手搭上对方的胸膛,微笑着说道,“崇明山庄可不会与失败者为伍奥,向我求救的你,还能有什么作为呢?”小心眼的毛病又犯了,廉王千不该万不该说人家是草莽的。
“住手!咳咳咳——”眼看搭在东方政胸腔上的手稳稳施力,紧要关头,皇帝出声制止。
对上明弋不解的目光,坦然而真诚,“我说过,不想让东方家的人,咳咳——再背上弑亲的罪孽。”
但这句话的深意远不止此。
这是皇帝亲口承认了,明弋他是东方家的人。也意味着他承认了抛弃的事实,这是皇室不能有的污点,恐怕没有皇帝能再有这样的器量,承认一个与他地位一般的人的存在。
“呵呵。”明弋依然笑着,眉眼弯起的弧度让人看不清他眼底的复杂,“难怪你会输,廉王殿下啊。”
放下搭在对方命脉上的手,回身一转,周围一圈的隐卫,颈间一刀毙命。
却在这时,一个不和谐的声音响起,“不要,为什么不杀了他,明明是他指使人刺伤父皇的!他是坏人!”
包子一抹脸上的泪,鼻涕眼泪涂得一脸都是,生命的威胁远远不及失去亲人的恐惧。想抓到救命稻草一样,视线投向门口一副一夫当关万夫莫开模样的小孩。
“小艾,你帮我干掉那个人,全天下的绿豆糕就都是你的!”吼得霸气侧漏,一室鸦雀无声。
只是吼出来的筹码让所有人脚底一滑,太——太子——咱现在很严肃,不搞笑行吗?
“全天下?”小孩一脸认真地转过身来,沉思了一会儿,看向因为激动,变的通红的包子,“很多吗?”
“废话,无论你走到哪里绿豆糕都是免费,随便你吃多少!多到不能再多了!”包子一脸笃定地解释。
喂喂,我说,当事人还在这呢,你们就这么旁若无人地讨论他值多少斤点心,就算数量再多也不行,不厚道啊!
小孩默默思考着,看了看从怀里露出头来的艾喵先生,抬头,“那胡萝卜饼呢?”
“你什么时候爱吃胡萝卜饼了?”包子吃惊,改口味了?不会奥。
“是艾喵先生。”双手把艾喵抱起来抬高。
“喵……”
“唉唉唉?他就是艾喵先生?不是人吗!”惊得后退两步。
其实廉王殿下也想这么问的,看到那只油光铮亮的黑猫时,他的脸绿了。想当初他考虑了多少种情况准备拉拢的,竟然是只猫。尼玛,这不坑爹吗!

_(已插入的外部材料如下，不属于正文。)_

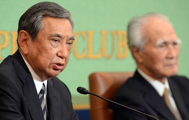 2015年6月9日,在日本东京,日本前内阁官房长官河野洋平(左)和前首相村山富市发表讲话,就历史和安保问题“敲打”安倍。两人再次重申承认殖民侵略历史事实、坚持和平宪法专守防卫对日本的重要意义。 (新华社记者马平摄) 1931年9月18日,日本蓄意在中国东北制造借口发起战争。这一天也被称作“九·一八”事变,成为日本帝国主义侵华战争的开端。
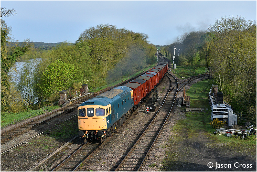 33035 powers through Swithland Yard with a rake of box vans in tow. EMRPS photo charter. Date: 3 May 2018 Manipulation Notes: None Camera mounted on a tall pole and remotely fired

“猫不是应该吃鱼的吗。”头一次听说爱吃胡萝卜的猫,包子眼忽闪忽闪地放亮。
“胡萝卜饼。”小孩见包子跑题,不高兴地提醒,“全天下的。”补充道。
“嗯,那好吧,如果有卖的话。”包子迟钝地点点头,答应了。
“噗——”在这里头毫无压力的己鹤已经忍不住抱住肚子弯下腰去了,尼玛,这是他见过最搞笑的篡位戏码有木有。
小孩子神马的就是用来崩坏的崩坏的!
包子耳朵尖的听到了己鹤的笑声,耳朵一红,眼一瞪,“好了,谈判结束,你可以动手了吧。”
“嗯。”武器握在手中,艾喵灵巧地窜到小孩的脑袋上扒住。
就在一众人等还以为只是两个小孩子在开玩笑的时候,小孩的身影已经出现在廉王身侧,只是一眨眼的功夫。
当——的一声脆响,众人惊愕地望过去,只见一把匕首定在廉王颈侧三寸的地方,而阻挡的,是一把极细的短剑,握剑的人是明弋。